Tuesday, December 14, 2004

Homemade Ads

"George Masters'... homemade (iPod mini) ad has been watched more than 37,000 times, and is making the rounds on blogs and e-mail." /Wired News/

Saturday, December 11, 2004

Think, Shoot, Score!

"With electrodes implanted directly on their brains, two Madison patients were able to control a computer cursor and play a basic video game just by thinking about it... (S)everely disabled people may soon be able to communicate and even regain movement by tapping directly into the brain and training it to bypass damaged nerve cells." /JS Online/

Wednesday, December 08, 2004

Timothy Leary, Cyberpunk

"Twenty years later, the same man who had once been labeled the most dangerous man in America by a federal judge in California was selling blue jeans and T-shirts to a whole new generation as Timothy Leary, Philosopher. Leary had successfully surfed his way right onto the cybercultural cutting edge. He had become what Mondo 2000 was calling a "cyber-delic guru.... The MVP (Most Valuable Philosopher) of the 20th Century." 'The 90s are here,' declared William Gibson, the cyberpunk novelist, 'and the Doctor is in!'" /DenverPost.com/

Neuromancer in the making?

"Wild Divine connects three biofeedback finger sensors that monitor heart rate and perspiration to control what's happening on-screen. Stay serene, for example, and the on-screen juggler keeps all the balls in the air. Get jiggy, and you get a floor full of spheres.

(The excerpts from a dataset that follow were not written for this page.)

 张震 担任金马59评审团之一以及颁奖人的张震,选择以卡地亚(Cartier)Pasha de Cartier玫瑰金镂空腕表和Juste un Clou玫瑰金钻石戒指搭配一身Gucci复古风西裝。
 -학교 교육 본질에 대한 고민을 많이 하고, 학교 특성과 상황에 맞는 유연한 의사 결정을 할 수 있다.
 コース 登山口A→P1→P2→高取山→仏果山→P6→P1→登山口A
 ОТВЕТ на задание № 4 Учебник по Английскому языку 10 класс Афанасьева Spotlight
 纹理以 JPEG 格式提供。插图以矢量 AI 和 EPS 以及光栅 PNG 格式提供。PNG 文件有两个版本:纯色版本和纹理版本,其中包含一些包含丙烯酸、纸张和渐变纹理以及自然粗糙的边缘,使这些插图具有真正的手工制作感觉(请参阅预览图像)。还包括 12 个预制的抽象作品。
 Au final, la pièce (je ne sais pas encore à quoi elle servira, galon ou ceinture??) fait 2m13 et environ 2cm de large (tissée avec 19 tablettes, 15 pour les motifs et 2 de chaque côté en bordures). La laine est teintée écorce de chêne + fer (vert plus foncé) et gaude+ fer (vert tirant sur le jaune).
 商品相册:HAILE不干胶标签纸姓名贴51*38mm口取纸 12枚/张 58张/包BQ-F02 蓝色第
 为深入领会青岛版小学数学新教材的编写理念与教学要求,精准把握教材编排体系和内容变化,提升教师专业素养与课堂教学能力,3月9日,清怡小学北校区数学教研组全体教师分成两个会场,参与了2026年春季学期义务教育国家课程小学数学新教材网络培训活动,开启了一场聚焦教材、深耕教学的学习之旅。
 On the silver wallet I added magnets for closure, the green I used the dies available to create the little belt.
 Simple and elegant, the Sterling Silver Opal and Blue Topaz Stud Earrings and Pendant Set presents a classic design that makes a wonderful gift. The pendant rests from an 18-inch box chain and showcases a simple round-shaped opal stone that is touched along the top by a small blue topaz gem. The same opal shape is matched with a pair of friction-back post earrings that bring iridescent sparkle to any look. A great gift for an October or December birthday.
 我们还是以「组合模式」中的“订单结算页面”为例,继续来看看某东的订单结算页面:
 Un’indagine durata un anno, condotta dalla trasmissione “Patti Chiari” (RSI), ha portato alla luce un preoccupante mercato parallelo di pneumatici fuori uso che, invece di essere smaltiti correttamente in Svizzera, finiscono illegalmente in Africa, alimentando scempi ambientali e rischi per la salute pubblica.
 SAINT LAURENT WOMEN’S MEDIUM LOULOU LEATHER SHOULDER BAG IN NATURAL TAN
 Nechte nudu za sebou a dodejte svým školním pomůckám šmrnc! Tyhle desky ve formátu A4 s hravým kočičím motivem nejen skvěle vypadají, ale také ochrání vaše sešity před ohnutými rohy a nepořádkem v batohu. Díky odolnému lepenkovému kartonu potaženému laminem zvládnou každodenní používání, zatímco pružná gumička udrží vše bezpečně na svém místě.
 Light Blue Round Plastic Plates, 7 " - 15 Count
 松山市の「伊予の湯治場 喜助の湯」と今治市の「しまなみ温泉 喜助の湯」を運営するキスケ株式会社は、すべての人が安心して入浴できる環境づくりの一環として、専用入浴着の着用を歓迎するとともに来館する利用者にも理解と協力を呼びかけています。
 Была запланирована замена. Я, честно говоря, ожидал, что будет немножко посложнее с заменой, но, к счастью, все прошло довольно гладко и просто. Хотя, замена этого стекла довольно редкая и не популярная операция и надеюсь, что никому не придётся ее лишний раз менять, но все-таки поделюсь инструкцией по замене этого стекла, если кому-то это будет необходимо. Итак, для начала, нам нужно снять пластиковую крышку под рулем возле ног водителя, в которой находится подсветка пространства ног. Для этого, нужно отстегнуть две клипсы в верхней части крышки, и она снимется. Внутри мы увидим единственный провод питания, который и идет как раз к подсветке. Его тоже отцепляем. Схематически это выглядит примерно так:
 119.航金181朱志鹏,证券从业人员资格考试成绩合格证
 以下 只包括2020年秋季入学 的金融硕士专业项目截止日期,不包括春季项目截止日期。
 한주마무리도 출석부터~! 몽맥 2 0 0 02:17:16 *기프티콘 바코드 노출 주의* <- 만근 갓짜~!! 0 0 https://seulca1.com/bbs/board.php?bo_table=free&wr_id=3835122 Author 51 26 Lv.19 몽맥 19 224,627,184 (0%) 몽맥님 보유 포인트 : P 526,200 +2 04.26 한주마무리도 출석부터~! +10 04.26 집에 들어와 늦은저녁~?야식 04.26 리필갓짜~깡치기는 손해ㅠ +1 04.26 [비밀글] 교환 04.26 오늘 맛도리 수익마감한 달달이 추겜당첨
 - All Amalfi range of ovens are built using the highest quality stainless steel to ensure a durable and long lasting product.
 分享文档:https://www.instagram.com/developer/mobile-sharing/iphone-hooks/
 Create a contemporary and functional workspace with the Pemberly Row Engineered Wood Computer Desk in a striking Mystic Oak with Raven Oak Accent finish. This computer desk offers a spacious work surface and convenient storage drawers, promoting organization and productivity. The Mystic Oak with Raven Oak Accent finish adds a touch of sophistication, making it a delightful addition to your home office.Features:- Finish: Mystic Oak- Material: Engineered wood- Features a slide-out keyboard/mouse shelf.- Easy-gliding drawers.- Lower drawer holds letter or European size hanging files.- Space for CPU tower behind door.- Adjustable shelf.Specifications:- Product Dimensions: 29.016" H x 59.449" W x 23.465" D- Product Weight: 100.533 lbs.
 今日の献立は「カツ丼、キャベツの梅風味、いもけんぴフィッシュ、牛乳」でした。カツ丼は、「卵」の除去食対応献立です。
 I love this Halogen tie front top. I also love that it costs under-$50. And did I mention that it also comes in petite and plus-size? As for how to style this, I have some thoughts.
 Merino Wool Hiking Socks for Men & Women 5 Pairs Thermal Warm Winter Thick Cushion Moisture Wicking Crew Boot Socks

Seemingly cribbing from William Gibson's 'Neuromancer' novel is current research using brain-wave headsets that will one day enable a player to control a game using brain impulses only." /Washington Post (subscription required)/

Sunday, December 05, 2004

Wearable Computing for the Commons

"(S)peed of access is one of the determining factors in whether a mobile information device will be used for mundane and casual tasks, according to a paper Starner recently published. Two seconds from storage to use is optimal. More than 10 seconds, the device stays unused."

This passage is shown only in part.